The chip is less than 4.5 mm across and weighs less than 2 oz. Nonetheless, it is pushing the power of artificial intelligence (AI) to the edge.
Oceanit designed the Nerro AI microchip to facilitate the use of artificial intelligence in edge computing devices, and some see great potential from edge AI for streamlining operations. Hani Elshahawi, digitalization lead for deepwater technologies at Shell, presented an example of AI on the edge at a recent edge computing conference. He talked about using AI at the edge to facilitate visual inspection of subsea facilities.
Traditionally, subsea asset integrity inspection relied on hours of video being moved to the enterprise site. There, it would be reviewed by a person, who would make notes to be entered on a spreadsheet that was saved in a database. Now, AI can be trained to review the data and search for anomalies, but a tedious separation of data collection and data analysis remains. Putting AI on the edge could eliminate that gap.
“You can simplify a lot of the computational power with artificial neural networks,” Elshahawi said, adding that, “today, still you have to do all your training essentially at the enterprise and then embed it at the edge. But the challenge you might encounter is, how do I update this model? Can you do it much more efficiently, and can you do it at the edge? And the concept here is that you go toward hardware-driven neuromorphic computing devices that could be field-deployed but also very low power and very small form factor.”
“The idea,” he added, “is to change the form factor so that you can put it on what looks like a USB stick.”

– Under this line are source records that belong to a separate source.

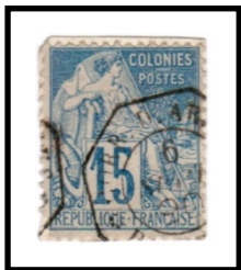
CORR. D. ARM. PNOM PENH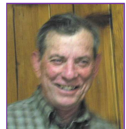
By Sam Higginbotham

Hook Daiichi 1710 1X or 2X long heavy wire Abdomen natural grayish Australian opossum or Buggy nymph dubbing #16 Thread tan 8/0 or 6/0 Wing dark elk hair Weight lead wire (optional) Head amber goat dubbing Tail mallard or teal-flank natural bronze or dyed bronze Hackle mallard or teal flank-feather fiber bronze Rib small copper wire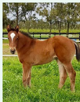
Oratorio ex Boloval filly 01.08.17 (Winterbach Stud)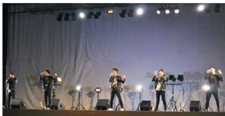
▲ Acapella club “Over Scale” are performing acapella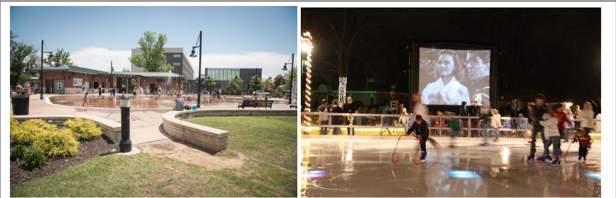
The Project would create an all-season recreation facility in Long Lake, the first of its kind in the area, combining a winter refrigerated ice rink with a summertime splash plaza. This combination has been successful in many community parks, including Lawrence Plaza in Bentonville, AR (pictured), where community events such as outdoor movies occur concurrent with the recreational activities. See Figure 2 for additional examples.

As a first phase, the Project would replace and realign the existing unpaved outdoor seasonal ice skating area with a permanent all-season recreation facility. In its place, a new facility would ingeniously combine an outdoor refrigerated ice rink with a splash plaza and community picnic patio (see Figure 2 for examples of ice rink/splash pad combination facilities). The outdoor, open-air recreational facility would support ice skating, youth and adult hockey, and special events (e.g., broomball tournaments, skating lessons, or demonstrations) during colder months. During warmer months, the facility would transform into a surfaced gathering area providing a splash plaza/cooling center, patio and gathering area, and seating. The Project could also include a small covered stage or platform to support sports scorekeeping/announcing, picnicking, parties, roller skating, and special events such as movies in the park or small community music performances.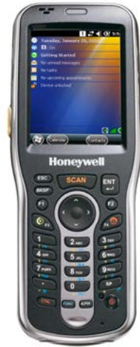
The Dolphin 6110 mobile computer provides advanced data capture and real-time wireless communication for in-premise applications including price lookup/audits, inventory management, customer assistance and merchandising.

Purpose-built for in-premise applications, the Dolphin 6110 mobile computer provides mobile workers with the tools needed to streamline tasks, improve productivity and maximize investment protection.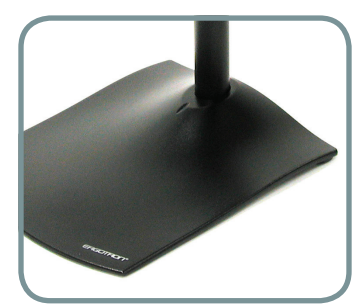
SLEEK, LOW-PROFILE BASE WITH DURABLE FINISH PROVIDES STABILITY AND SAVES SPACE.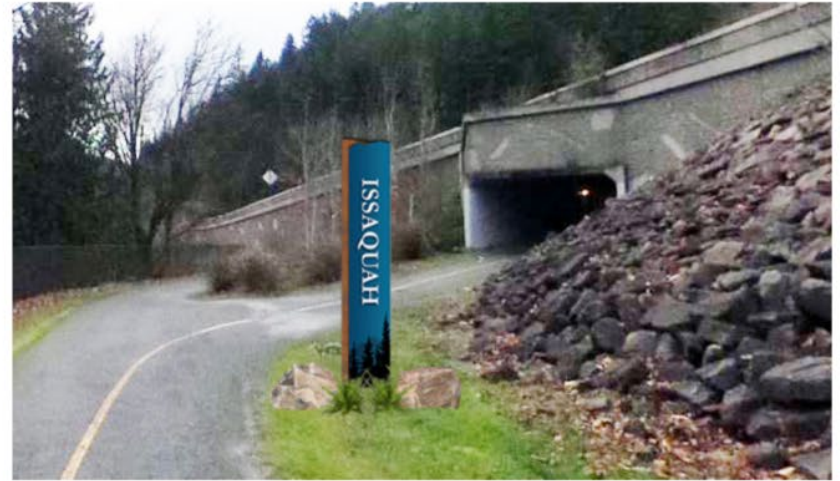
city gateway signage (waterfront/regional trails)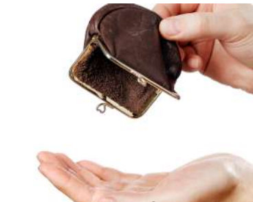
run out of money

AI chips such as Oceanit’s Nerro unite the process in one location. “With traditional computing,” Elshahawi said, “you’re separating the CPU [central processing unit] from your RAM [random access memory], you’re separating your data access from your computational capabilities. Here, it’s really all in one. It’s bringing them in one place—an AI chip.” He noted the efficiency of the Nerro chip as another benefit. “It’s very energy efficient, like 100,000 recognitions per second for milliwatts—for 1,000 neurons,” he said. “There’s no way you’re going to get that with a GPU [graphics processing unit].”
Elshahawi and his team used historical data—about 3.3 TB—to train an AI, which resulted in it being able to detect approximately 15 subsea classes with a database that included 85,000 labeled images.
“We used automated object detection using deep supervised learning,” Elshahawi said. “We used a video device to do this. But this is abundantly used today, for example in autonomous vehicles to detect objects and navigate around those.”
Once the AI is embedded at the edge, Elshahawi said, different chips can be assigned different tasks. “For example, you can have one of the chips do the color extraction,” he said, “and another one work on the texture extraction. Then you can combine all that and you can come up with a rule-based decision.”